Custer became the youngest pole winner in Truck Series history, earning the top starting spot in his third start at Gateway Motorsports Park. He finished 6th in the race. Custer later won the pole at New Hampshire and would go on to win the race from the pole, becoming the youngest driver to win a Truck Series race. With the win, Gene Haas joined a select club of owners who have won as an owner in all three national touring series, joining Rick Hendrick, Richard Childress, Jack Roush, Bill Davis and Dale Earnhardt.

Custer and the No. 00 team moved to JR Motorsports in 2015, although remaining a part of the Haas stable, the Haas truck team was shut down.

====Truck No. 00 results====

Year: Team; No.; Make; 1; 2; 3; 4; 5; 6; 7; 8; 9; 10; 11; 12; 13; 14; 15; 16; 17; 18; 19; 20; 21; 22; Owners; Pts
2014: Cole Custer; 00; Chevy; DAY; MAR 12; KAN; CLT; DOV 14; TEX; GTW 6; KEN; IOW 8; ELD; POC; MCH; BRI 8; MSP 9; CHI; NHA 1*; LVS; TAL; MAR 29; TEX; PHO 3; HOM

== ARCA Menards Series ==

=== Car No. 14 history ===
In 2021, The team field the No. 14 ford for Chase Briscoe at Watkins Glen.

==== Car No. 14 results ====

Year: Driver; No.; Make; 1; 2; 3; 4; 5; 6; 7; 8; 9; 10; 11; 12; 13; 14; 15; 16; 17; 18; 19; 20; AMSC; Pts; Ref
2021: Chase Briscoe; 14; Ford; DAY; PHO; TAL; KAN; TOL; CLT; MOH; POC; ELK; BLN; IOW; WIN; GLN 23; MCH; ISF; MLW; DSF; BRI; SLM; KAN; 109th; 22

===Car No. 9 history===
In 2023, The team fielded the No. 9 Bonanza Wines Ford for Ryan Preece at Sonoma Raceway. Preece won the race from the pole. He led 50 of 64 laps.

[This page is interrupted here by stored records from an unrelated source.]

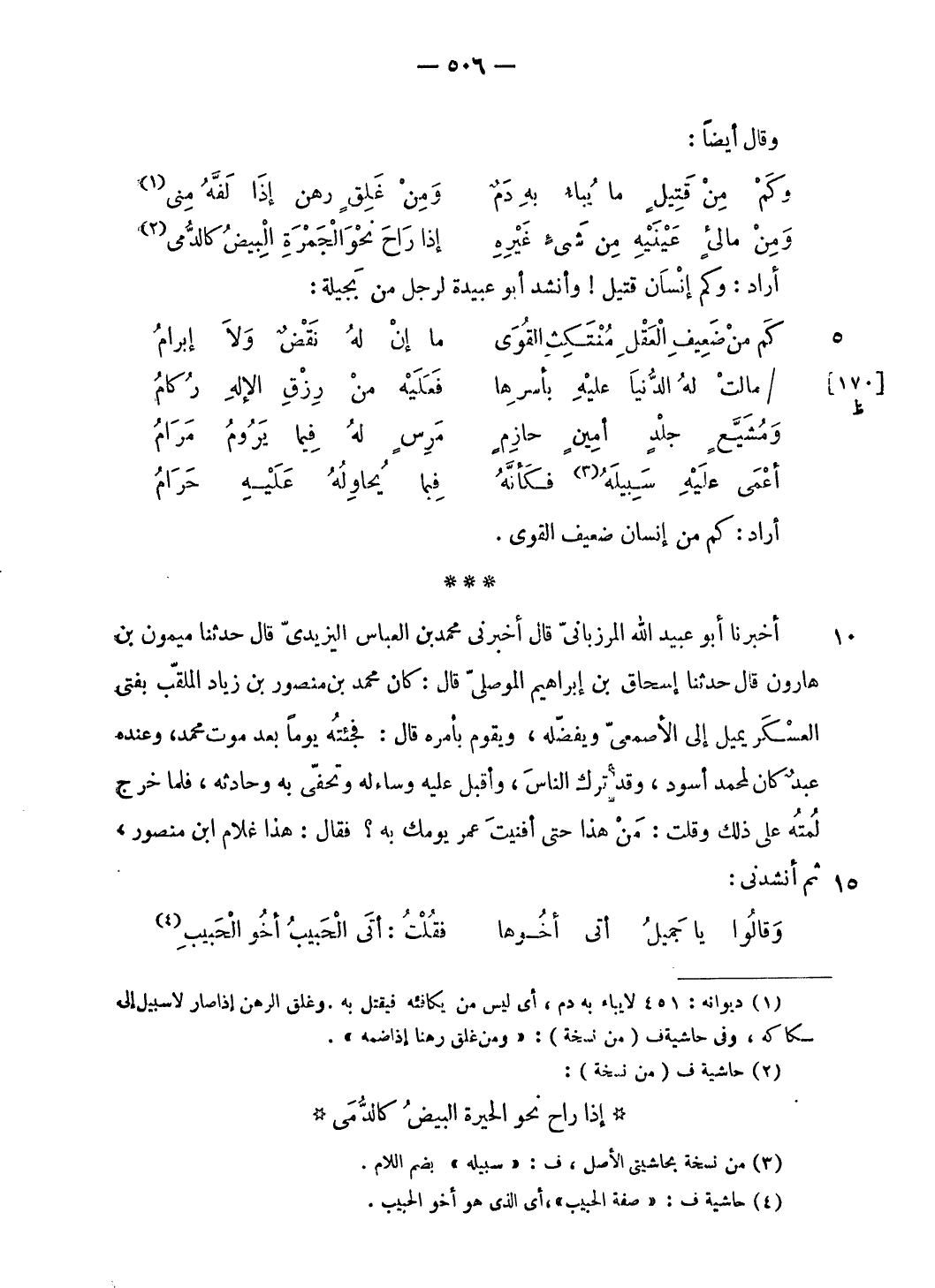 وقالوا يا جميل أتى أخوها … فقلت: أتى الحبيب أخو الحبيب (¬4)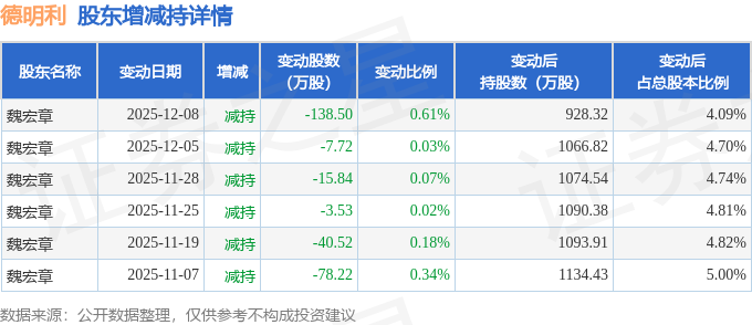 该股近半年内有股东持股变动,合计净减持284.33万股,股东增减持明细如下表: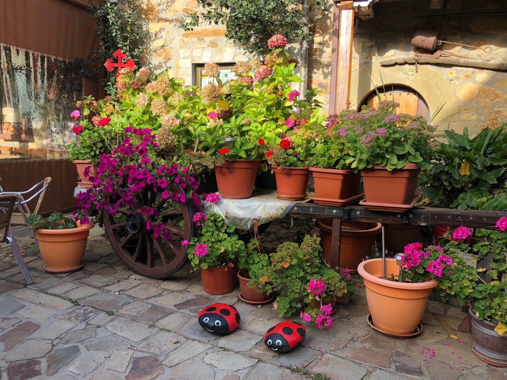 Before we stepped onto the Camino we stopped for a bathroom break at a small hostel along the route. There was a courtyard with two stone ladybugs decorating a flower bed. My mom and I had a thing for ladybugs. Their presence at the beginning of the walk was a reminder that I haven’t left anyone behind. I carry them with me.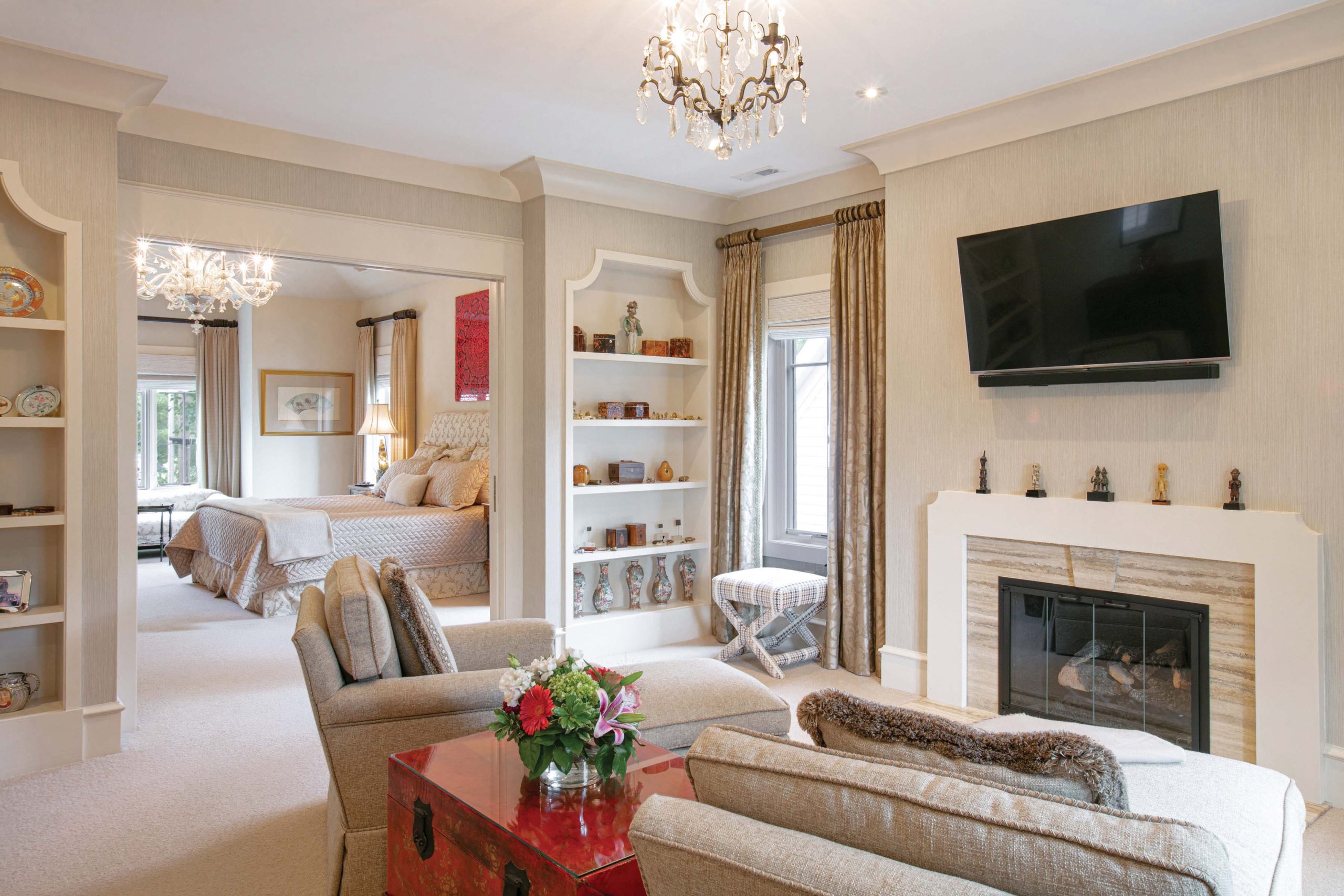 The house has great flow, so we get to enjoy all of the rooms. We just love everything, so it’s difficult to pick just one spot. We do enjoy our upstairs primary suite. We each have our own bathroom and closet, and adjacent to the bedroom, there is a setting room with a fireplace. It’s a wonderful space to retreat to in the evening, especially in winter with a fire going. You can read or watch some TV and just let the world go by. It’s a very comfortable and inviting place for two people—and our dogs, of course.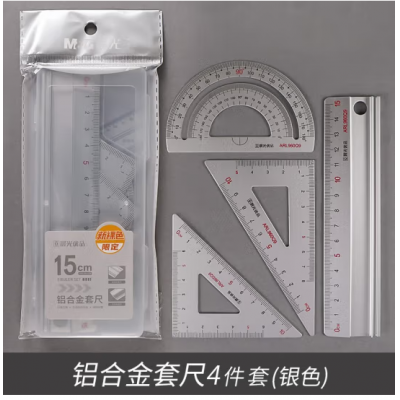 首页 > 办公用品 > 文具 > 晨光(M&G)小学生用铝合金直尺三角尺带波浪线量角器组合儿童多功能套尺四件套日韩绘图画图文具用品 ARL960Q9-凹槽套尺-混色

==== Car No. 9 results ====

Year: Driver; No.; Make; 1; 2; 3; 4; 5; 6; 7; 8; 9; 10; 11; 12; AMSWC; Pts; Ref
2023: Ryan Preece; 9; Ford; PHO; IRW; KCR; PIR; SON 1*; IRW; SHA; EVG; AAS; LVS; MAD; PHO; 36th; 49

===Car No. 14 history===
In 2021, The team fielded the No. 14 Ford for Chase Briscoe at Sonoma Raceway in preparation for the Cup race at the track. Briscoe won the race.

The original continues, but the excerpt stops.